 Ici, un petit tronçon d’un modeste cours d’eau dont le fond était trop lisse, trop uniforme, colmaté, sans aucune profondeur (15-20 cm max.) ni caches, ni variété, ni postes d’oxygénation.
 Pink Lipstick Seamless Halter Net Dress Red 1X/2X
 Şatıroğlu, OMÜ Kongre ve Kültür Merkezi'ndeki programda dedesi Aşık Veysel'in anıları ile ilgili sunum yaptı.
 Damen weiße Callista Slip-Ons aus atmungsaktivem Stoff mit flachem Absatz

· · · · ·

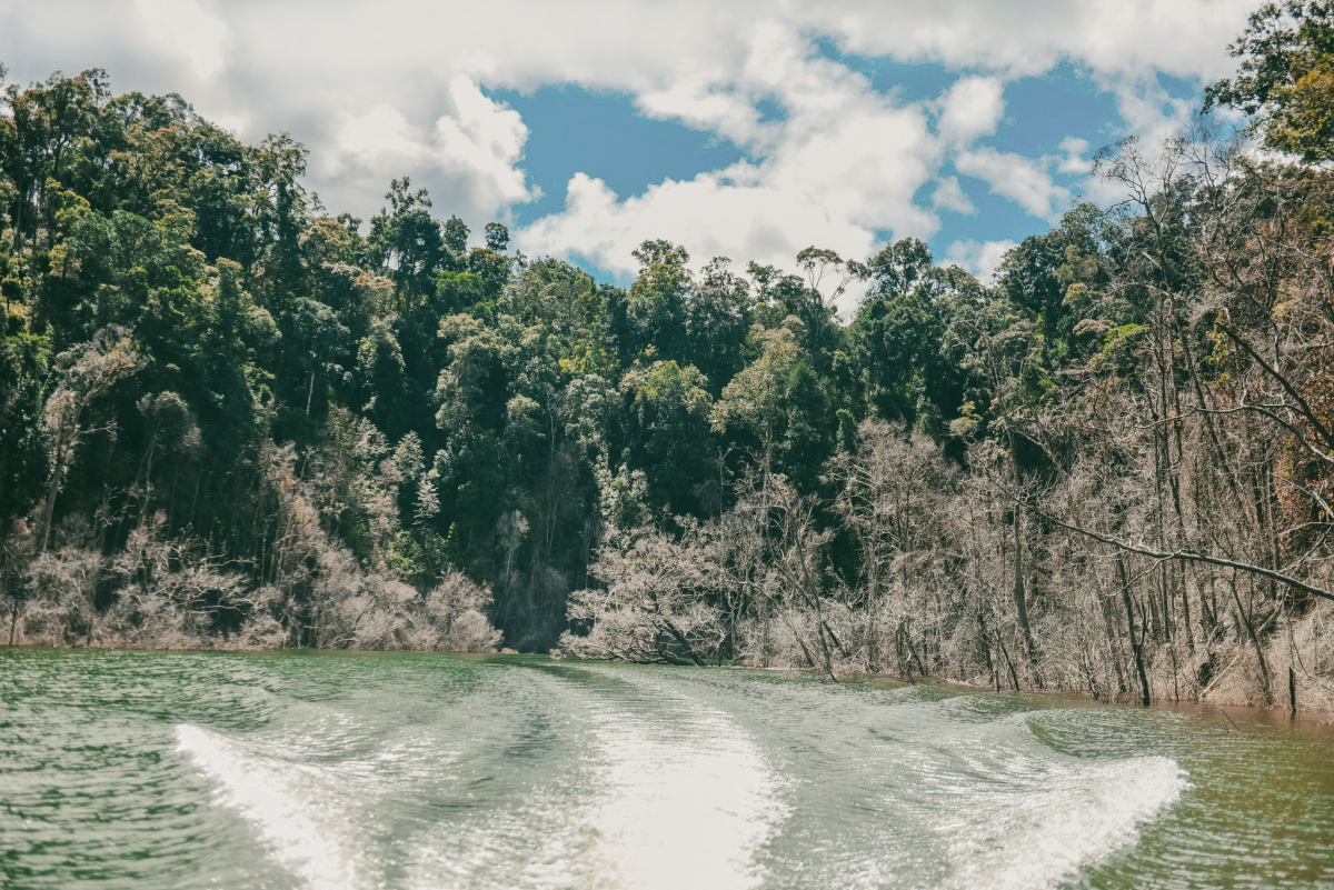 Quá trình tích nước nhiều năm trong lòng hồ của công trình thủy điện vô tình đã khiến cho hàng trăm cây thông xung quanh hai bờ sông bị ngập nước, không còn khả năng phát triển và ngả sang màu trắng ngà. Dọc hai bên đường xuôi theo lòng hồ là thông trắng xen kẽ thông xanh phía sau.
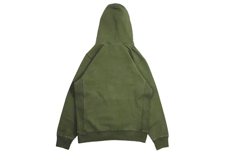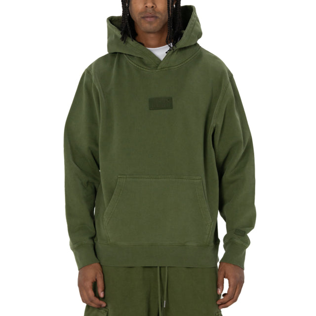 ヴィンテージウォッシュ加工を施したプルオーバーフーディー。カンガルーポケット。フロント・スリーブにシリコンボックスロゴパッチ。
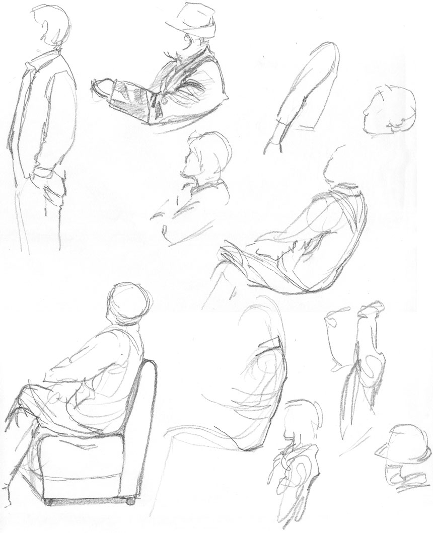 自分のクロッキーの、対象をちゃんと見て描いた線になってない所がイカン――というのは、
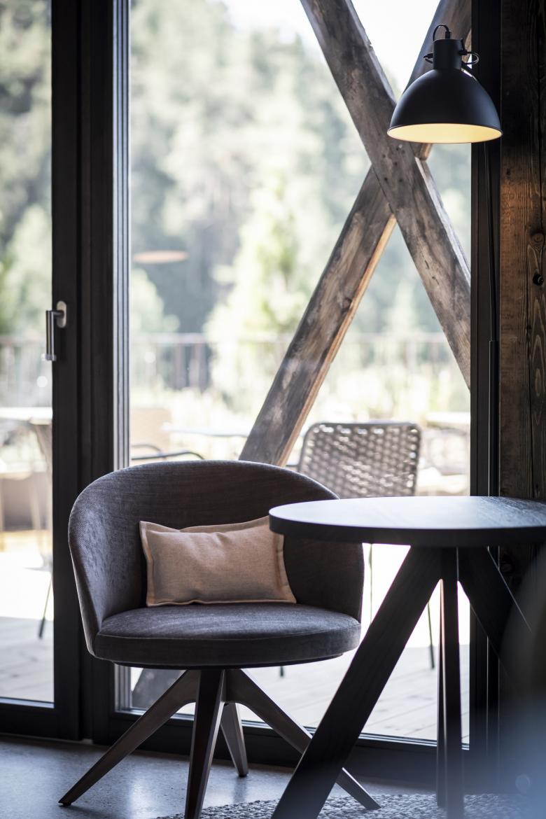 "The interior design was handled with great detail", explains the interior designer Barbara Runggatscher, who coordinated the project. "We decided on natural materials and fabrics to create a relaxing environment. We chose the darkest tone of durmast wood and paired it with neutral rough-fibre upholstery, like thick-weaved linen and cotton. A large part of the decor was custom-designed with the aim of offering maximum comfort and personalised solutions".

· · · · ·

PROBLEM DETAILS.
Copy word for word the lines of the records above from the one with "Quá trình tích" up to and including the one with "自分のクロッキーの、対象をち". Skip the pictures.

TASK RESPONSE.
 Quá trình tích nước nhiều năm trong lòng hồ của công trình thủy điện vô tình đã khiến cho hàng trăm cây thông xung quanh hai bờ sông bị ngập nước, không còn khả năng phát triển và ngả sang màu trắng ngà. Dọc hai bên đường xuôi theo lòng hồ là thông trắng xen kẽ thông xanh phía sau.
 ヴィンテージウォッシュ加工を施したプルオーバーフーディー。カンガルーポケット。フロント・スリーブにシリコンボックスロゴパッチ。
 自分のクロッキーの、対象をちゃんと見て描いた線になってない所がイカン――というのは、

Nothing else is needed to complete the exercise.